**INPUT DATA**.

-=-=-

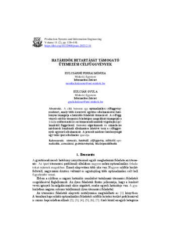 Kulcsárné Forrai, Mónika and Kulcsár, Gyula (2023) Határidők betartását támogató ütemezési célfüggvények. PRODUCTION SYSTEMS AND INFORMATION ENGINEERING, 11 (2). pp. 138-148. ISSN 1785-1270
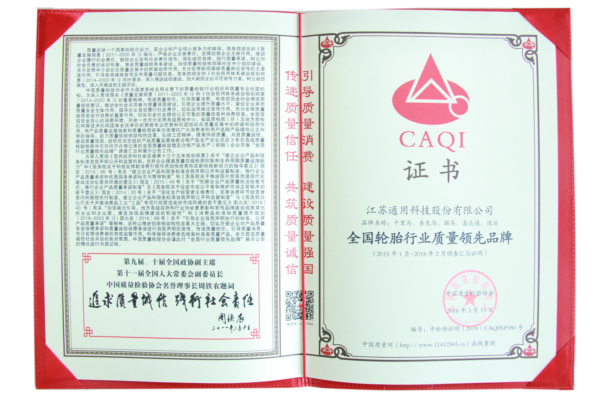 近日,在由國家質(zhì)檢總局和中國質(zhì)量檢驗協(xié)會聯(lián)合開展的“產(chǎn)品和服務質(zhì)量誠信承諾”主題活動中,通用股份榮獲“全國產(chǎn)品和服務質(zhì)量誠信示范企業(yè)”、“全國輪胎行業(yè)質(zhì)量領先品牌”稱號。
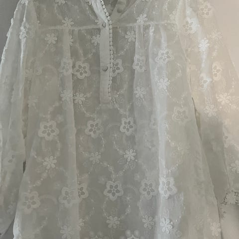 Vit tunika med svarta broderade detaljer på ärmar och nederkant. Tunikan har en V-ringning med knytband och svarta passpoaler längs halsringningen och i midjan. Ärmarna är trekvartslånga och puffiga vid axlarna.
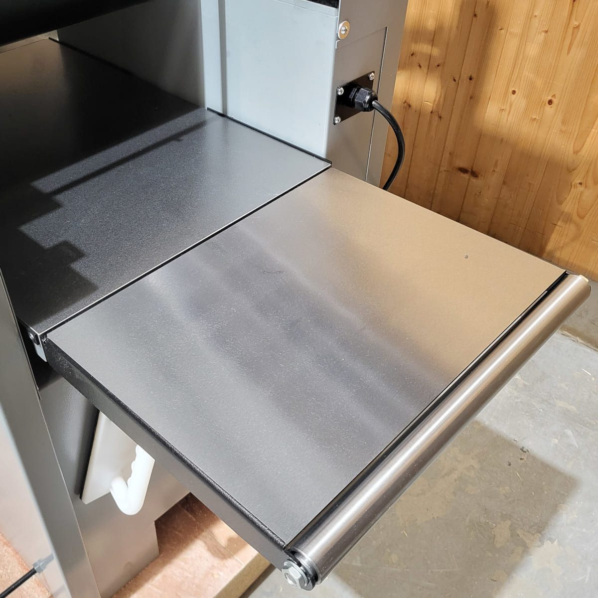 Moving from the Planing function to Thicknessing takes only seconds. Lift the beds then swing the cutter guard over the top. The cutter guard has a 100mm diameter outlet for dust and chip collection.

-=-=-

**THE TASK**. Your answer should consist solely of the lines from the one holding "Vit tunika med" through the end of the listing, reproduced exactly and without pictures.

**OUTPUT FOR THIS TASK**.
 Vit tunika med svarta broderade detaljer på ärmar och nederkant. Tunikan har en V-ringning med knytband och svarta passpoaler längs halsringningen och i midjan. Ärmarna är trekvartslånga och puffiga vid axlarna.
 Moving from the Planing function to Thicknessing takes only seconds. Lift the beds then swing the cutter guard over the top. The cutter guard has a 100mm diameter outlet for dust and chip collection.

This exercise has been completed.